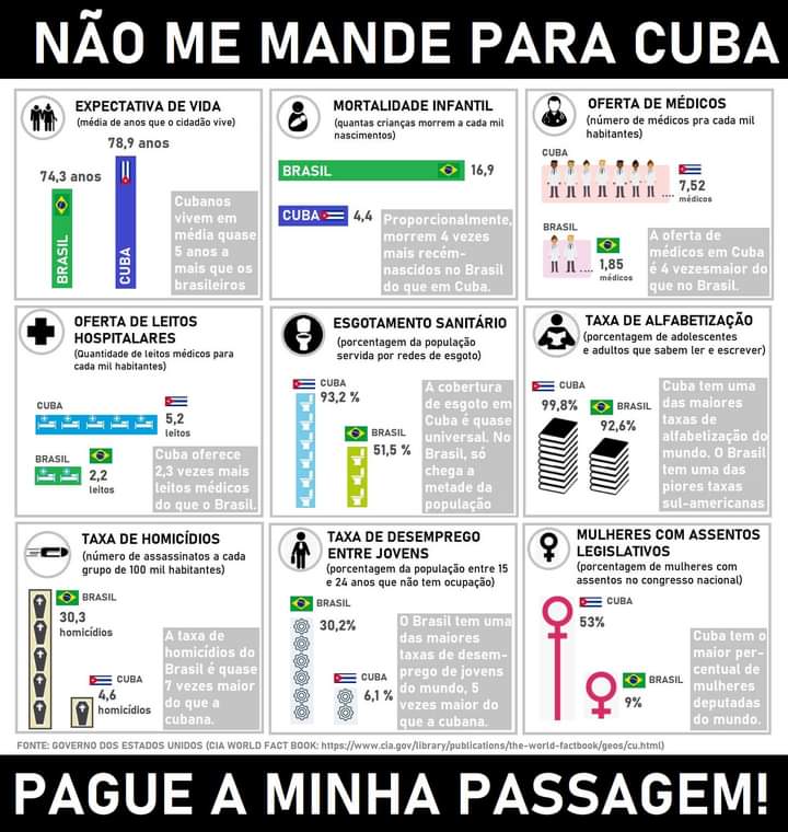 Achei que isso era a descrição do Brasil depois da destruição das leis trabalhistas sustentando a casta de parasitas da família Bolsonaro que você quer reeleger.Arcanjo Lúcifer escreveu: ↑Sex, 31 Dezembro 2021 - 12:01 pmE sim, Cuba é uma fazenda de escravos que sustentam uma casta de parasitas.
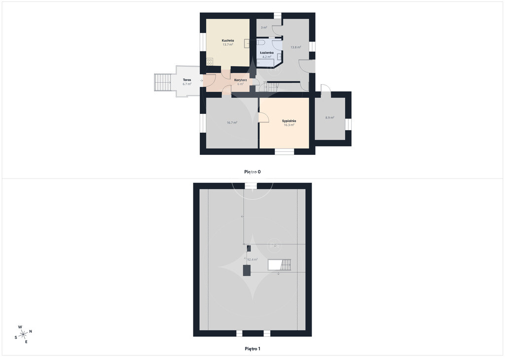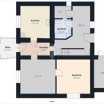Na parterze znajdują się dwa pokoje oraz kuchnia, poddasze do adaptacji.
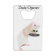 This modern, surreal credit card style bottle opener features my portrait of a rat waiter carrying a tray of wine glasses on a plain white background, and the editable text “Dad’s Opener” The portrait is based on a real life pet rat Reilly. This bottle opener would make an useful gift for Father’s Day.
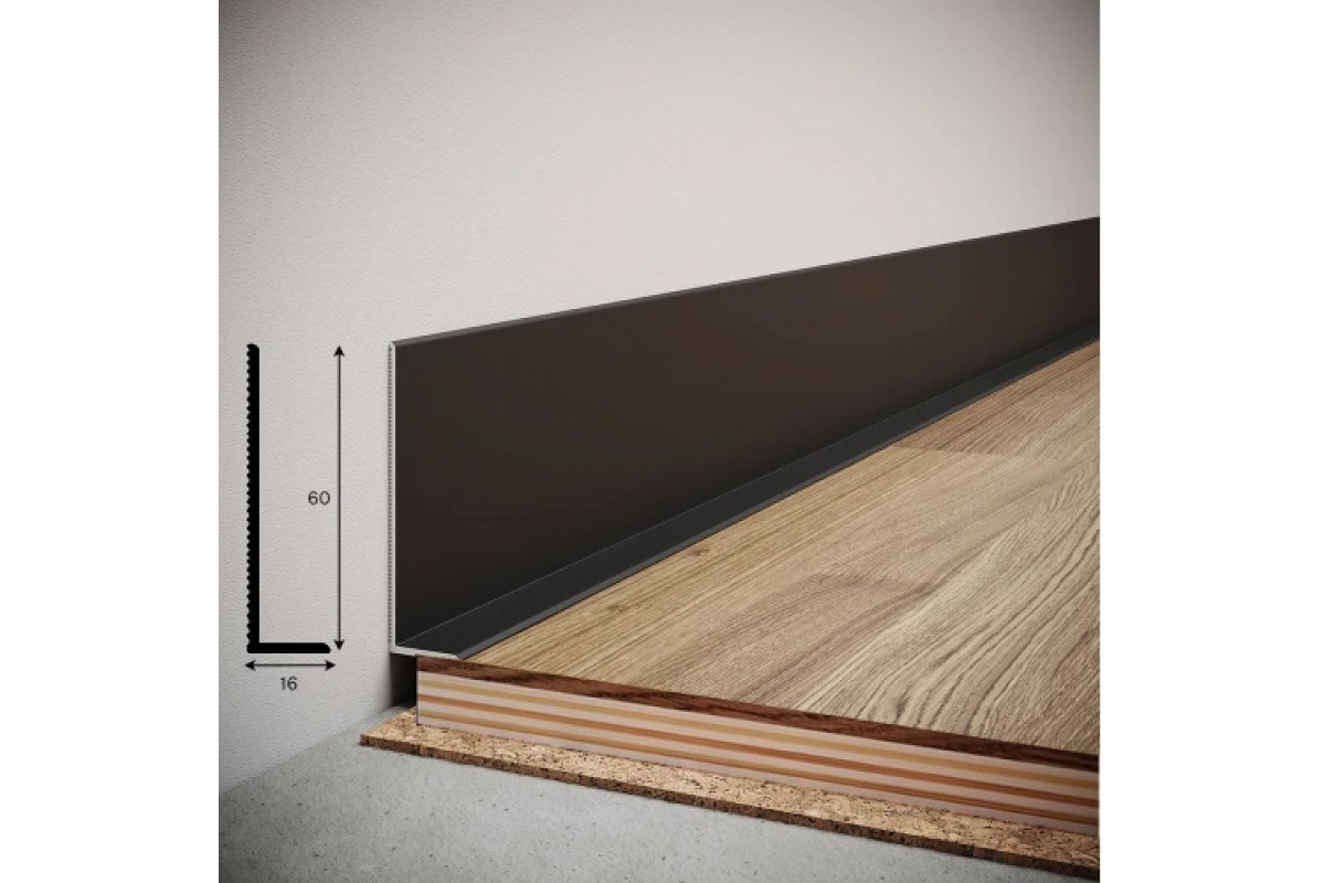 Плінтус WT алюмінієвий накладний 60мм L6016 фарбований RAL-9005 чорний матовий.
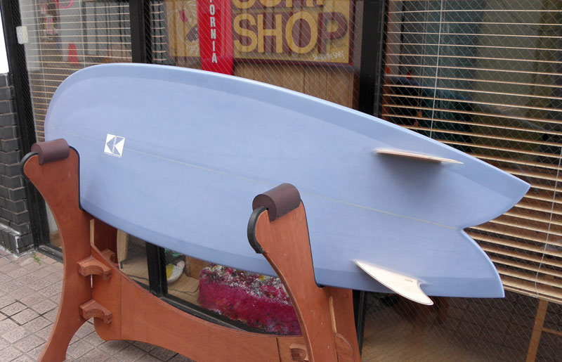 20年前のフィッシュリバイバルのときに、そのツインフィンをイメージしながら作られたのが、KK FISHです。そういう意味では、世の中にいろいろなフィッシュのシェイプがありますが、KK FISHは活さんのオリジナルのデザインを言うことができます(ちなみにこのリノ・アベリラのボードから生まれたもう一つのツインフィンが、BOOGIEというモデルです)。
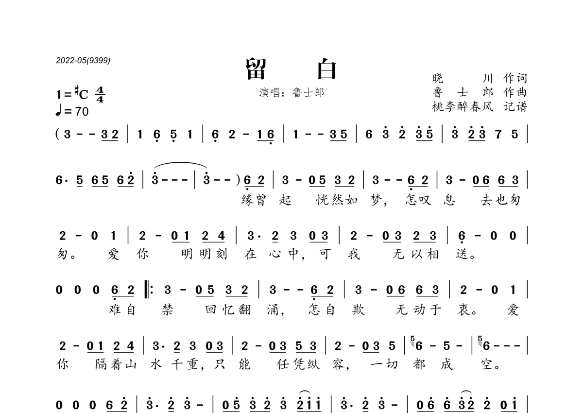 鲁士郎《留白》简谱
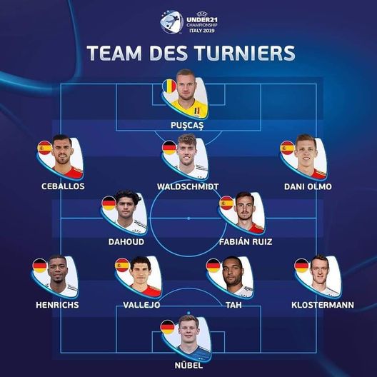 Puscas è l'unico esponente di una Nazionale diversa da Germania e Spagna, autentiche dominatrici del torneo. A Fabian Ruiz, giocatore del Napoli, il premio come migliore in assoluto.
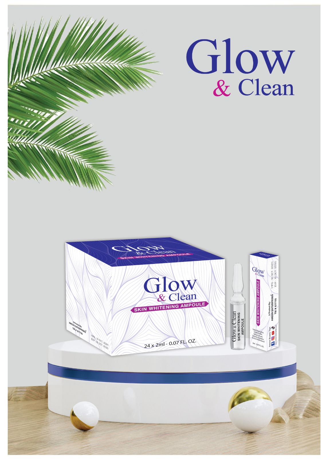 Cleanse your face thoroughly. Apply 2–3 drops of Glow & Clean Skin Whitening Ampoule Serum onto the face and neck. Gently massage until fully absorbed. Use twice daily—morning and night—for best brightening results. Follow with moisturizer and sunscreen during the day.
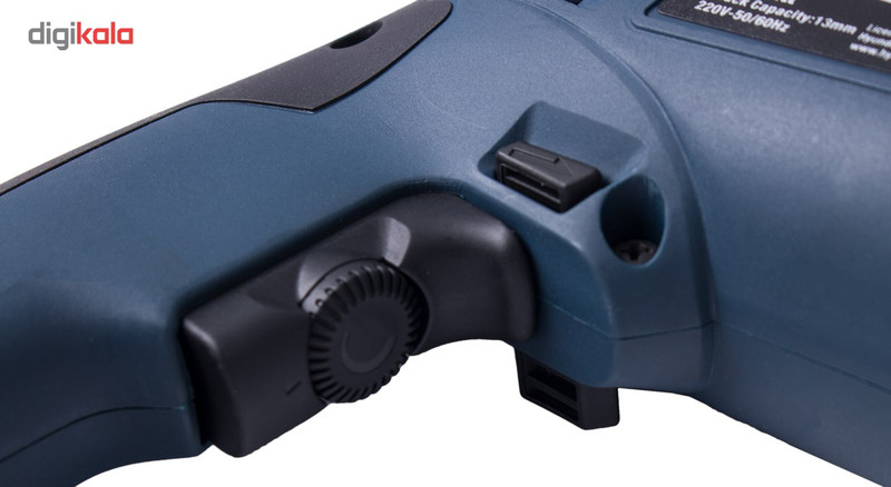 اگر قصد تهیهی یک دریل چکشی مناسب با قدرتی قابل قبول دارید، میتوانید از دستگاه فوق استفاده کنید. این دریل از توانی برابر 900 وات برخوردار است و از قابلیت کنترل سرعت گردش سود میبرد. میزان سرعت گردش این دستگاه توسط کلیدی چرخشی که روی شستی قرار دارد تنظیم میشود. بازهی سرعت چرخش این دستگاه 2800-0 دور بر دقیقه است. از دیگر مزایای این دستگاه میتوان به قابلیت چرخش ساعتگرد و پادساعتگرد آن اشاره کرد. سه نظام این دریل چکشی از نوع 13 میلیمتری آچارخور بوده و حداکثر قطر سوراخکاری آن در چوب، فلز و مصالح به ترتیب برابر 25، 10 و 13 میلیمتر است. با کمک این دستگاه میتوانید با دقت و تسلط بیشتری به کار خود بپردازید که این ویژگی به دلیل وجود دستهی کمکی و قفل سوییچ این دریل حاصل شده است. این دسته قابل تنظیم بوده و از قابلیت چرخش 360 درجه سود میبرد. دستگاه فوق با نام « HP9013 » شناخته میشود و یکی از تولیدات شرکت «هیوندای» (Hyundai) است.
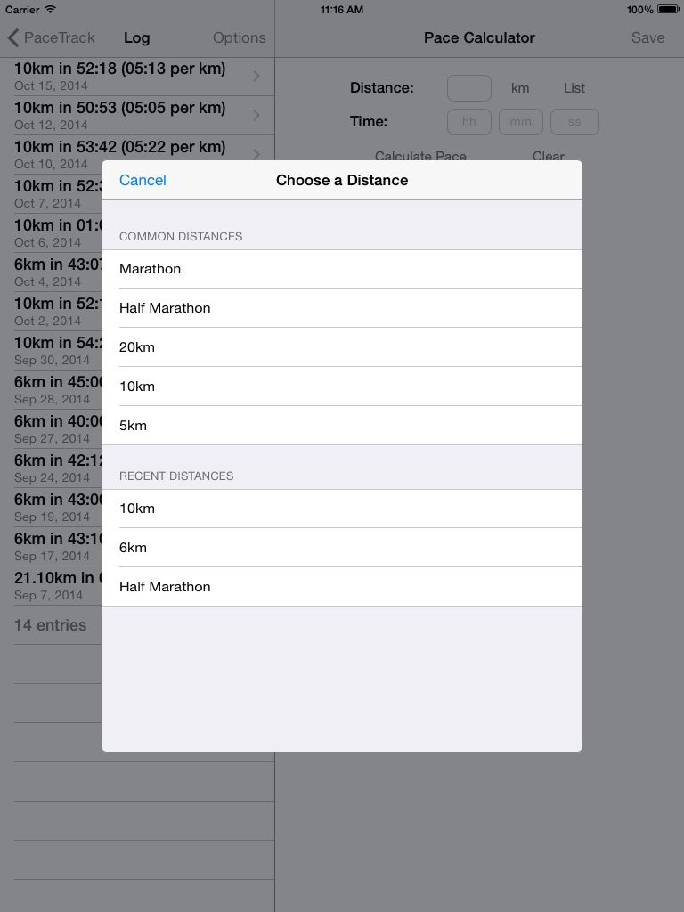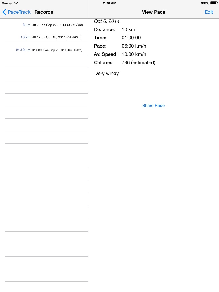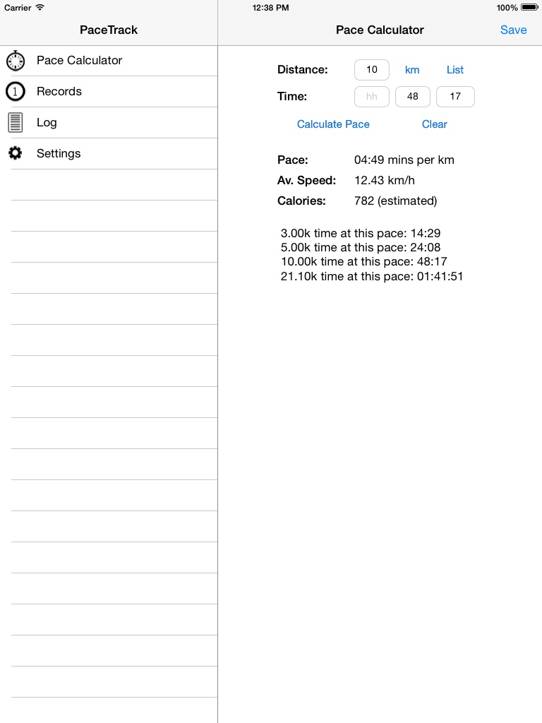 Keep track of your running and jogging records in the easy to use PaceTrack app:

★ ★ ★

• **Task instructions**
Print the entries again exactly as they appear above. Do not print the pictures.

• **Solution**
 Achei que isso era a descrição do Brasil depois da destruição das leis trabalhistas sustentando a casta de parasitas da família Bolsonaro que você quer reeleger.Arcanjo Lúcifer escreveu: ↑Sex, 31 Dezembro 2021 - 12:01 pmE sim, Cuba é uma fazenda de escravos que sustentam uma casta de parasitas.
Na parterze znajdują się dwa pokoje oraz kuchnia, poddasze do adaptacji.
 This modern, surreal credit card style bottle opener features my portrait of a rat waiter carrying a tray of wine glasses on a plain white background, and the editable text “Dad’s Opener” The portrait is based on a real life pet rat Reilly. This bottle opener would make an useful gift for Father’s Day.
 Плінтус WT алюмінієвий накладний 60мм L6016 фарбований RAL-9005 чорний матовий.
 20年前のフィッシュリバイバルのときに、そのツインフィンをイメージしながら作られたのが、KK FISHです。そういう意味では、世の中にいろいろなフィッシュのシェイプがありますが、KK FISHは活さんのオリジナルのデザインを言うことができます(ちなみにこのリノ・アベリラのボードから生まれたもう一つのツインフィンが、BOOGIEというモデルです)。
 鲁士郎《留白》简谱
 Puscas è l'unico esponente di una Nazionale diversa da Germania e Spagna, autentiche dominatrici del torneo. A Fabian Ruiz, giocatore del Napoli, il premio come migliore in assoluto.
 Cleanse your face thoroughly. Apply 2–3 drops of Glow & Clean Skin Whitening Ampoule Serum onto the face and neck. Gently massage until fully absorbed. Use twice daily—morning and night—for best brightening results. Follow with moisturizer and sunscreen during the day.
 اگر قصد تهیهی یک دریل چکشی مناسب با قدرتی قابل قبول دارید، میتوانید از دستگاه فوق استفاده کنید. این دریل از توانی برابر 900 وات برخوردار است و از قابلیت کنترل سرعت گردش سود میبرد. میزان سرعت گردش این دستگاه توسط کلیدی چرخشی که روی شستی قرار دارد تنظیم میشود. بازهی سرعت چرخش این دستگاه 2800-0 دور بر دقیقه است. از دیگر مزایای این دستگاه میتوان به قابلیت چرخش ساعتگرد و پادساعتگرد آن اشاره کرد. سه نظام این دریل چکشی از نوع 13 میلیمتری آچارخور بوده و حداکثر قطر سوراخکاری آن در چوب، فلز و مصالح به ترتیب برابر 25، 10 و 13 میلیمتر است. با کمک این دستگاه میتوانید با دقت و تسلط بیشتری به کار خود بپردازید که این ویژگی به دلیل وجود دستهی کمکی و قفل سوییچ این دریل حاصل شده است. این دسته قابل تنظیم بوده و از قابلیت چرخش 360 درجه سود میبرد. دستگاه فوق با نام « HP9013 » شناخته میشود و یکی از تولیدات شرکت «هیوندای» (Hyundai) است.
 Keep track of your running and jogging records in the easy to use PaceTrack app:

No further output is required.